In the second act, Evan and the other characters are confronted by some of that dishonesty beneath the surface, the ugliness that lurks within them alongside their pain. A lot of it is hard to watch; with the exception of Zoe, who is from start to finish a truly great human being, everyone here has deep, irresolvable flaws. We are all a mess of not just our highest aspirations but our worst choices, the show suggests. And the writing struggles with the full implications of that truth: Though Evan eventually admits to Connor’s family that he has been lying to them, the musical can’t quite bring itself to force him to reckon with the pain he has caused.
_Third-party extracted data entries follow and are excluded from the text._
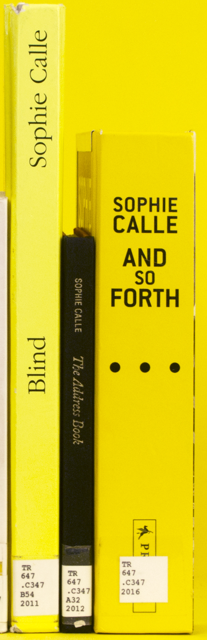 Three Sophie Calle books with different orientation of spine titling.
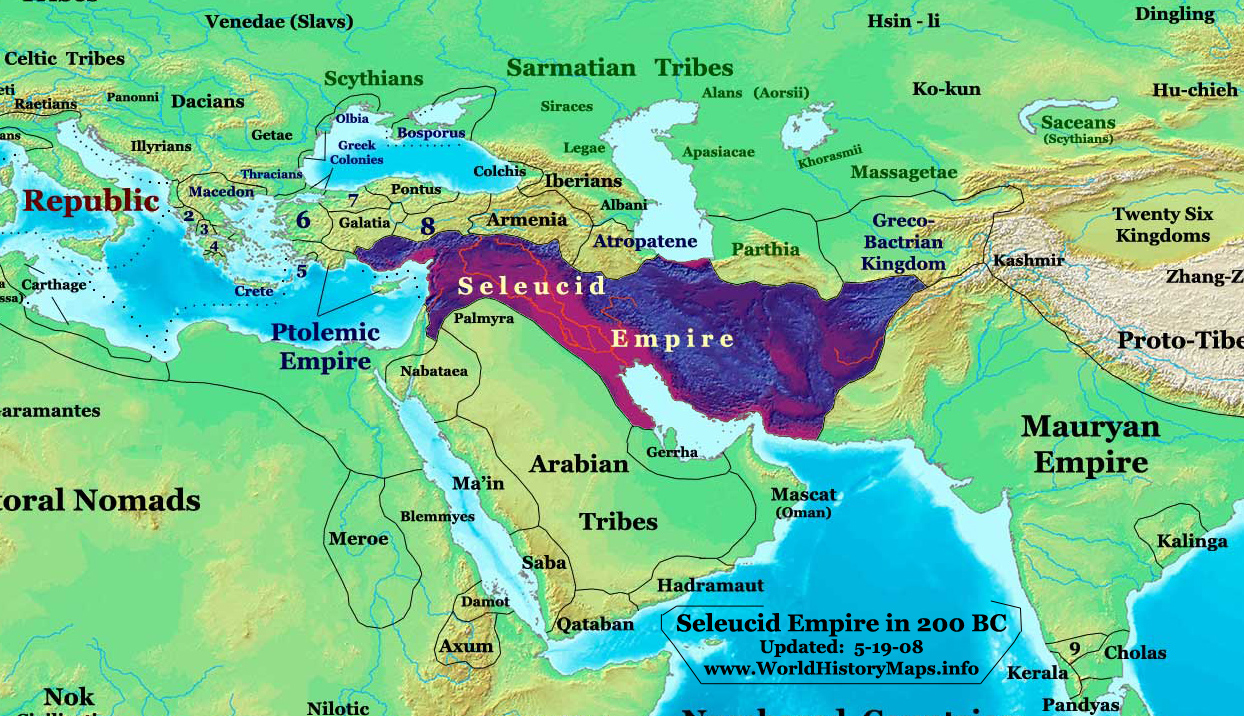 The Seleucid Empire in 200 BC. Author: Thomas A. Lessman. Source URL: Image was created by me (Thomas Lessman) based on my map of Eastern Hemisphere in 200 BC.
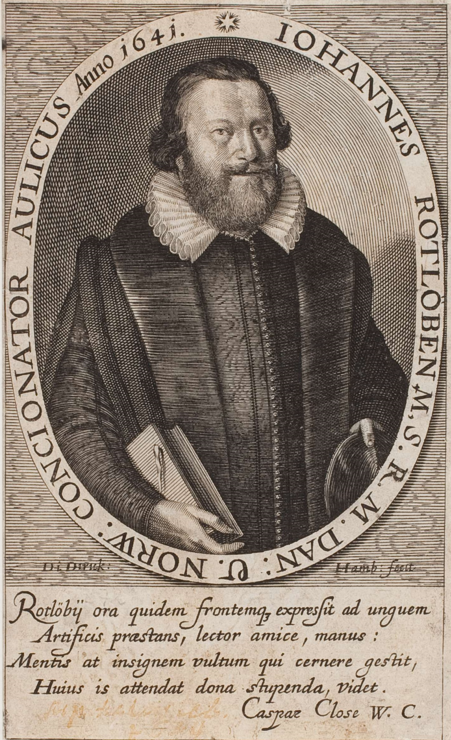 Portrait Johannes Rotlöben (1593-1649)

But perhaps there’s intentionality in the choice to exclude such a moment. Wouldn’t some kind of redemption arc for Evan constitute another sort of anthem, another of the “happily ever after” fantasies that we already too easily accept? No matter what the pop songs might tell us, when it comes right down to it, forgiveness often is unable to be earned. It can only be offered.
For many, the legacy of “Dear Evan Hansen” is going to be that life-affirming message of Act One. And that’s great; the show has helped many people, and as it now becomes more available for schools and community theaters to perform, it will no doubt reach and affect even more.
But what I hope future productions will continue to explore is the show’s messy complexity and its absolute allergy to pat answers and cheap grace. Growth is hard and slow. And when it finally comes, as it does for Evan in the end, it no longer needs the packaging of a swelling choir or perfect pitch.